Alright I have no idea what is going on at my farm. I have a food plot at the top of my hill. In that food plot i recently put up my feeder, Moultre Infra-red camera and a deer cocain block. I poured the liquid over the block and let it sit. Last sunday i put that out and on monday the block itself was gone. This past sunday i put another one out and last night i check it too was gone. I dont think that there are people stealing a $4 item when my feeder, treestand and camer is within 20 yards, im going to stick my camer on the block when i get another one and see whats taking it. I cant imagine a deer draging it off and i have never had this happen before. Its not my buddies for sure screwing with me. I spread my good friends ashes about 50 yards from this spot last fall, so im wondering if he is freaking me out from beyond the grave  Any ideas???


----------



## BassBlaster (Jun 8, 2006)

That does sound weird. Post up some pics when you figure it out, I'm curious now too!!


----------



## ramfan (May 6, 2008)

Got any Feral Hogs down there? They could be your culprit.


----------



## negs (May 25, 2010)

bigfoot and he's a coke head!


----------



## ironman172 (Apr 12, 2009)

Maybe *****


----------



## willieg89 (Dec 5, 2008)

did u walk around in that area and check to see if the deer arent just moving the block around? or any other animal could be doing so?..just my guess. i use mineral licks a lot and sometimes i tend to find em 20-30 yards away from where i put them over night


----------



## Shaun69007 (Sep 2, 2009)

I looked all around and they are GONE! I cant imagine seeing a **** carring the big block over his shoulder walking on 2 legs away with it  I'll post when i get another one and move the camera. I'll catch that culprit  And no hogs that i know of. i live on the farm and hunted there for about 15 years and never seen one


----------



## Slawterr (Aug 18, 2009)

If hogs are the case, I'm more than willing to help you harvest a few.


----------



## davie1989 (Mar 31, 2010)

ever find out wat was taken ur blocks? theres been reports of a few bears in portage county where im at im not sure how far ya are away but mabe a bear or bobcat? or even few coyotes got them all over here they are a pain in a arse lol could be bigfoot he's gota eat right?


----------



## TPaco214 (Feb 16, 2005)

now im curious


----------



## alumcreeker (Nov 14, 2008)

put one of your blocks out and put a trail camera on it no way you cant see something unless its ghosts have you ever buried anyone out there lol jk


----------



## Treehog (Aug 18, 2010)

I second the bigfoot theory.


----------



## Scum_Frog (Apr 3, 2009)

Finally we may get a picture of the great sasquatch lol I cannot wait! lol


----------



## ezbite (May 25, 2006)

ironman172 said:


> Maybe *****


my guess too


----------



## Shaun69007 (Sep 2, 2009)

i never put another one out. i do plan on it though at some point. I'll let you know


----------



## Hilde (Oct 21, 2008)

Try cutting it with a little baby powder.


----------



## negs (May 25, 2010)

Hilde said:


> Try cutting it with a little baby powder.

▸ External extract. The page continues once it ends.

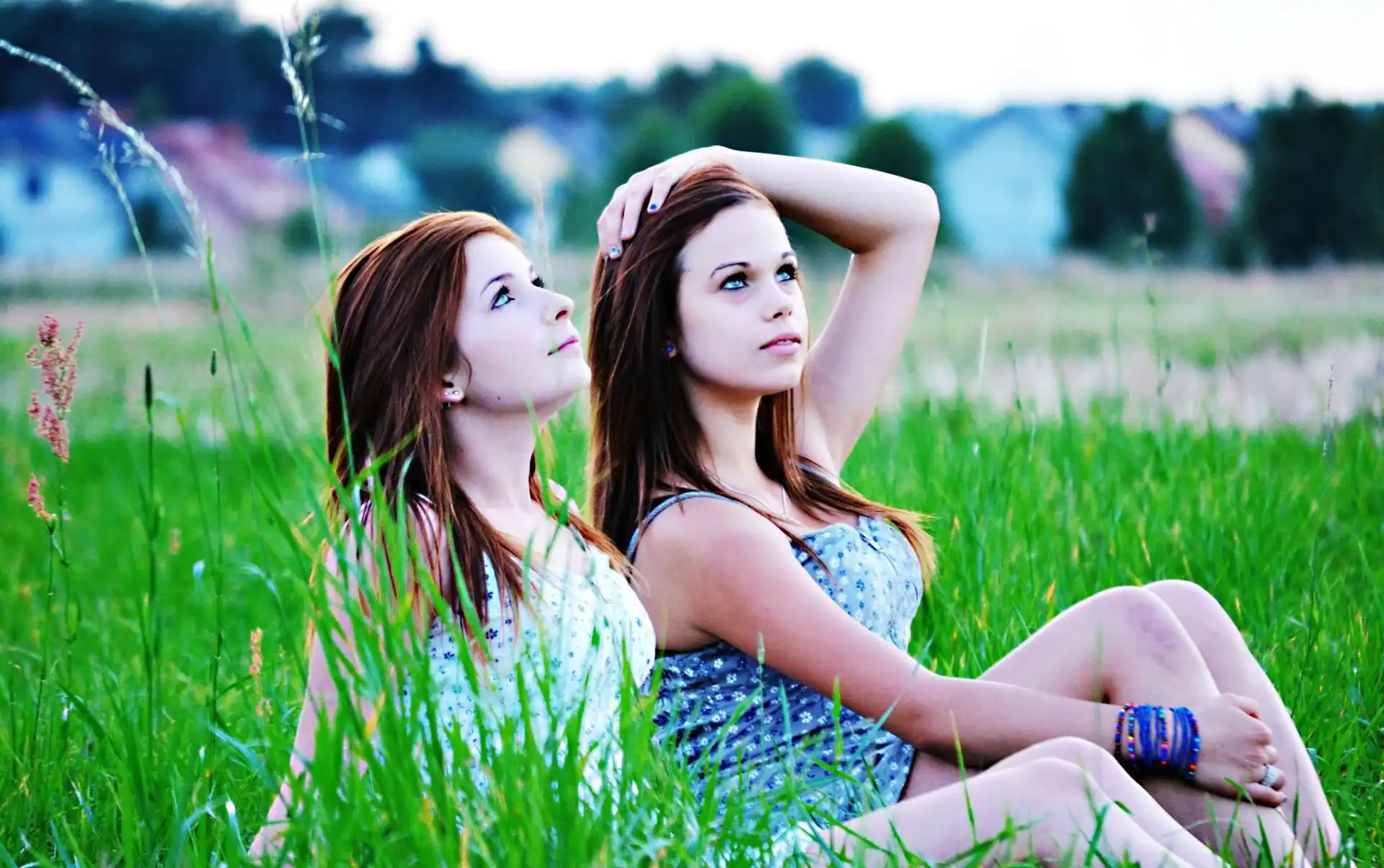 Dwie, Kobiety, Szatynki, Łąka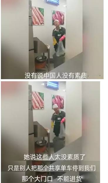 往往生活中扎心的画面更多。8月7日,武汉一超市内,一小伙拿着手机边拍边追问超市员工“中国人怎么没素质了?你生活在中国土地上,你说中国人没素质,你不是中国人啊?”超市店长表示,员工清理堵门的共享单车时发牢骚说乱停单车,太没素质了,没说中国人没素质。

won't work bigfoot only likes the pure stuff! nothing stepped on


----------



## General (Oct 28, 2009)

Gotta be *****... My buddy put out the Acorn Rage blocks and got pictures of 2 raccoons rolling it away. I found it quite hilarious, he on the other hand was a little P O'ed


----------



## MuskieManOhio (Jun 29, 2008)

Ya its definately bigfoot, his wife probably kicked him out so he turned to the deer "cocaine" because his buddy the 160 inch whitetail told him it was the good stuff and it makes everything better!! rofl


----------